OUT OF SAMPLE ERRORS
confusionMatrix(testing$classe,predict(modFit_rf,newdata=testing))## Confusion Matrix and Statistics
##
## Reference
## Prediction A B C D E
## A 1674 0 0 0 0
## B 2 1137 0 0 0
## C 0 5 1021 0 0
## D 0 0 10 954 0
## E 0 0 0 0 1082
##
## Overall Statistics
##
## Accuracy : 0.997
## 95% CI : (0.995, 0.998)
## No Information Rate : 0.285
## P-Value [Acc > NIR] : <2e-16
##
## Kappa : 0.996
## Mcnemar's Test P-Value : NA
##
## Statistics by Class:
##
## Class: A Class: B Class: C Class: D Class: E
## Sensitivity 0.999 0.996 0.990 1.000 1.000
## Specificity 1.000 1.000 0.999 0.998 1.000
## Pos Pred Value 1.000 0.998 0.995 0.990 1.000
## Neg Pred Value 1.000 0.999 0.998 1.000 1.000
## Prevalence 0.285 0.194 0.175 0.162 0.184
## Detection Rate 0.284 0.193 0.173 0.162 0.184
## Detection Prevalence 0.284 0.194 0.174 0.164 0.184
## Balanced Accuracy 0.999 0.998 0.995 0.999 1.000
However the confusion matrix for the testing dataset belies those fears and it is sufficient.

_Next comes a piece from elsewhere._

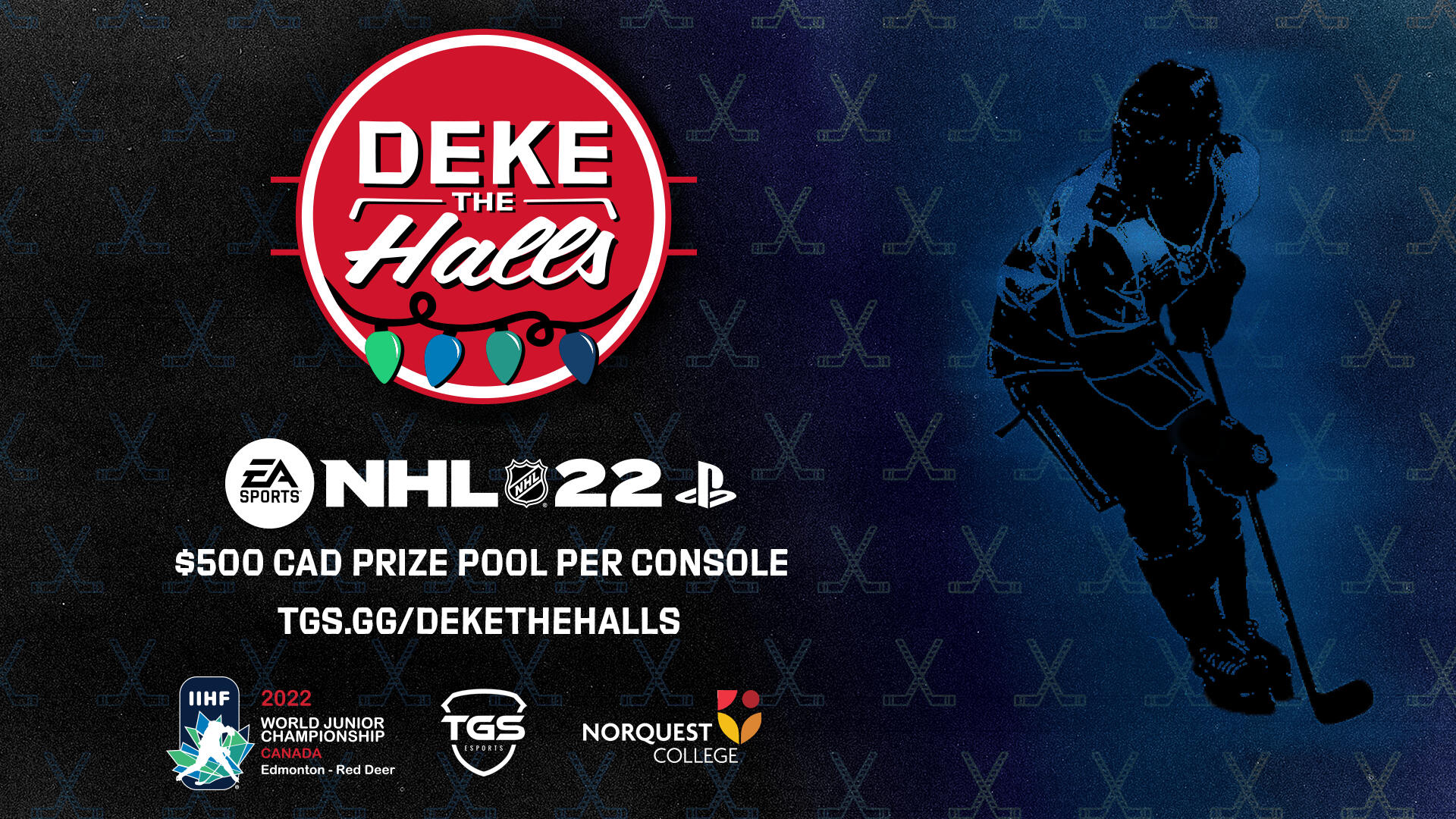 In collaboration with the IIHF for the World Junior Championship of Canada, TGS Esports hosted Deke the Halls: an online NHL tournament to mirror that of the real life tournament. Participating teams were also restricted to play teams exclusive to the World Junior as an added caveat to create a more robust experience surrounding the event. Branding developed to encapsulate holiday hockey, Deke the Halls derives from a favorite festive tune. A red circle emulates the holiday feeling, adorned by rope lights and placed within a familiar circle one might encounter in the rink. Traditional sports typography is used to emulate a classic hockey aesthetic alongside patterned, textured, festive assets for the full holiday hockey experience.Final deliverables included branding guidelines and identity, tournament graphics, social media promotional content, content addons, broadcast assets including animated visuals and completed showbuild as a VMix stream asset.

We then run a cross-validation and observer the out-of-sample errors for trees involving 1,3,6,13,26,52 variables.
cv_results<-rfcv(pml_use[,8:59],pml_use[,60])
cv_results$error.cv## 52 26 13 6 3 1
## 0.003618 0.004994 0.007135 0.038732 0.105035 0.592906
with(cv_results, plot(n.var, error.cv, log="x", type="o", lwd=2))
The errrors are very small and provide a good estimae of out-of-sample errors.
These results, all encouraging, allow us to choose the random forest as a model of choice for this problem.